REQUIREMENT
Word for word, copy the entire listing below, but do not carry over any pictures.

THE DATA
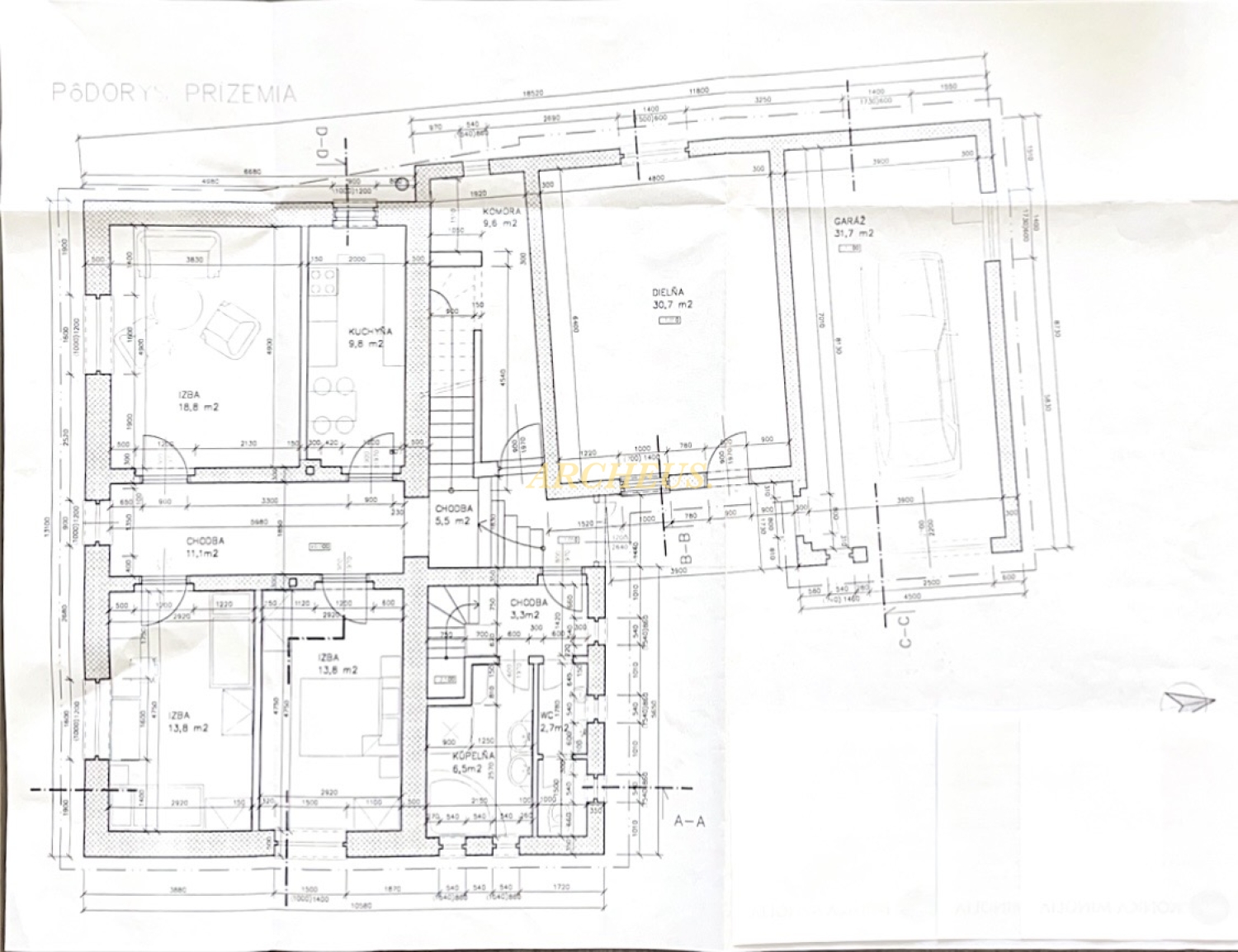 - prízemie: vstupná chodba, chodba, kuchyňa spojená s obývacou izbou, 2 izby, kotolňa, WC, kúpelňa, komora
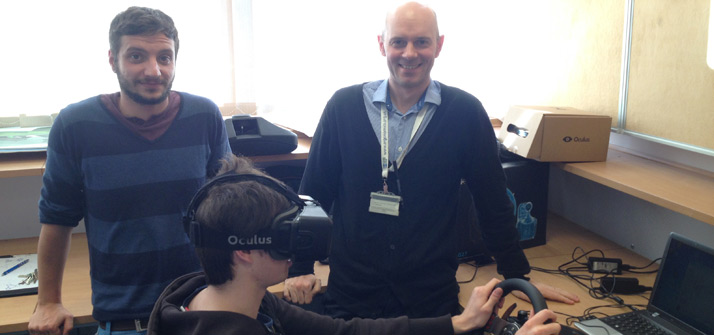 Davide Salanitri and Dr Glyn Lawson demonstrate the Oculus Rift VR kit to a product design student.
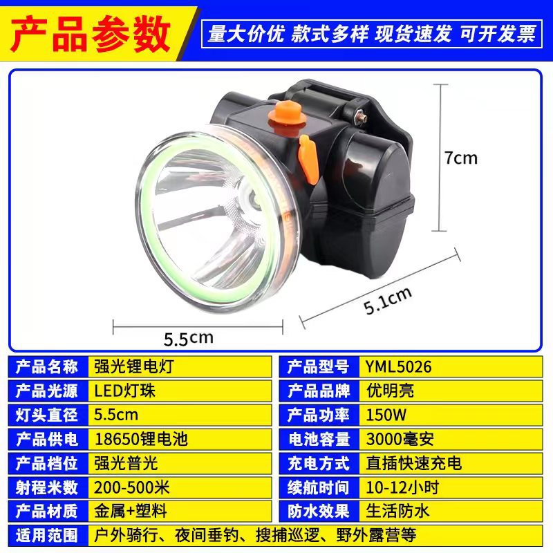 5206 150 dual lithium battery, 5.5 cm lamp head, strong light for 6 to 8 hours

EXERCISE OUTPUT
 - prízemie: vstupná chodba, chodba, kuchyňa spojená s obývacou izbou, 2 izby, kotolňa, WC, kúpelňa, komora
 Davide Salanitri and Dr Glyn Lawson demonstrate the Oculus Rift VR kit to a product design student.
 5206 150 dual lithium battery, 5.5 cm lamp head, strong light for 6 to 8 hours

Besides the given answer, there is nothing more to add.